You want to enjoy a beer, but you have no bottle opener!
You bought canned beer!
Hurrah! See ya next week.
Wait, what’s that? You have a bottle of beer without a twist-off cap and you forget to bring along a bottle opener? Or else you somehow manage to live in a home without a bottle opener? Well, don’t panic, sir, just keep it cool, because we’re going to get through this thing.
After all, it’s actually surprisingly easy to open beer bottles without a bottle opener, as all an opener does is use a bit of leverage to bend the cap, anyway. So let’s create some leverage, and then let’s drink some beer.
(Side bar before we get started – it’s easy to open beer bottles using rings, but the potential for damaging your ring or damaging your metacarpal is great enough such that I’ve decided to leave that one out. So just FYI, yeah, I know all about it.)
THE LIGHTER TECHNIQUE
If you or one of your friends has a lighter on hand, then you have a bottle opener on hand. Truth be told, this most basic beer bottle opening “hack” can be performed with almost any sturdy object that is vaguely lighter-shaped and offers an edge, the factors at play here are the use of your index finger as a fulcrum and the edge an object, usually a lighter, as the pry point. Hold the bottle’s neck in your non dominant hand, dig that lighter (not the flame part, FYY, the butt part) under the lip of the bottle cap, crook your index finger (some use their thumb) to rest the lighter across your knuckle, then press down. If at first you don’t succeed, then dude, what did you even learn in college?
USE A BEER TO OPEN A BEER
If you believe in the foundational principle of Homeopathy, that “Like Cures Like,” then stay the hell away from me and my family if we’re ever in need of medical care. However, if you believe in the notion that “Beer Opens Beer,” you’re right on! Indeed few things grip the little ridges of a bottle cap better than the little ridges of another bottle cap. Simply hold one beer nice and steady, ideally with its bottom pressed down on a table or the bed of your pickup, and then use the cap of another bottle to hook and then rip off said bottle cap. The catch here is that you won’t know for sure which bottle is going to open, so be ready to turn the “opener beer” upright ASAP. (The other catch is that at the end of the drinking session, one beer may still be capped!)
No, I don’t mean you should pay someone else to open your bottle for you, though that’s probably the easiest way to go about this and other aspects of life, budget permitting. What I mean is this: a dollar bill (use a $1, a $50, or a $2, it’s all good!) folded enough times, can create an object solid enough to provide much the same leverage as the lighter we discussed above. Start by folding the bill in half across its shorter access (like across the face of gentleman, or soon lady or gentleman), then fold it in half lengthwise as many times as you can. You’ll be left with a dense little rectangle of cash that should help you to leverage open that bottle.
TAKE IT TO THE EDGE
This is both one of the most satisfying and most potentially destructive ways to open a beer bottle, so it’s a double win! Simply hook the edge of that bottle cap onto the lip of a table, a counter, a door frame, or a wall, then slam your other hand down onto it.
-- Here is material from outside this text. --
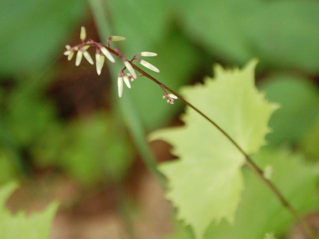 三角形の小さな白い花を咲かせる。
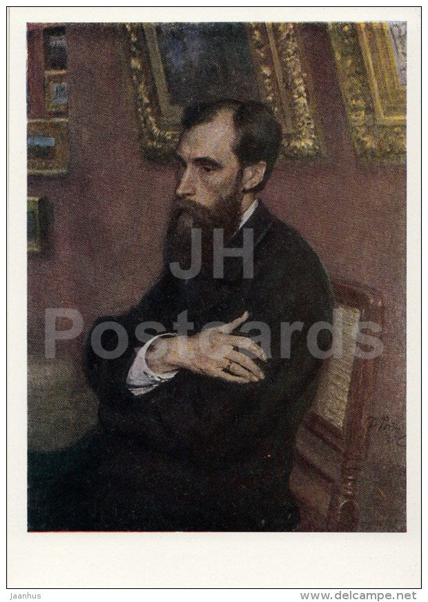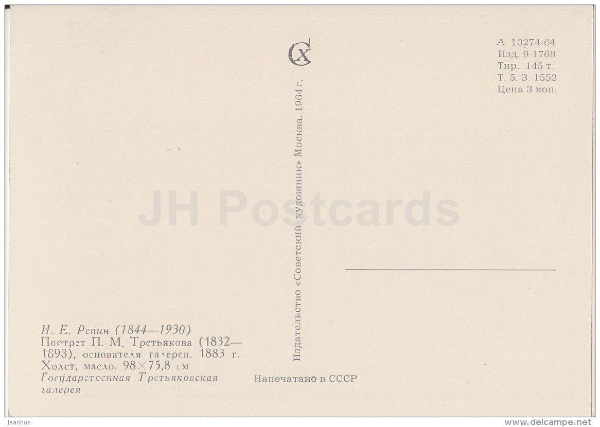 painting by I. Repin - Portrait of Russian art collector Tretyakov , 1883 - Russian Art - 1964 - Russia USSR - unused

If done properly, the cap will fly off! If done improperly, you’ll…
- Break the bottle’s neck, imperiling your beer and your person
- Miss, potentially hurting yourself and dropping your beer
- Damage the surface to which the beer is being held
- All of the above!
This technique will almost surely damage the surface you are using to catch the lip of the bottle cap, so don’t try it with a nice granite counter or walnut desk; this is an outdoorsman’s technique. Or at least a hipster who is hanging out in an alley.
DON’T USE YOUR TEETH
Never, ever, ever try to open a beer bottle with your teeth. Ever. Think of those as a bottle nopener. (Y’like that? I sure did. That’s why I jammed it in here.)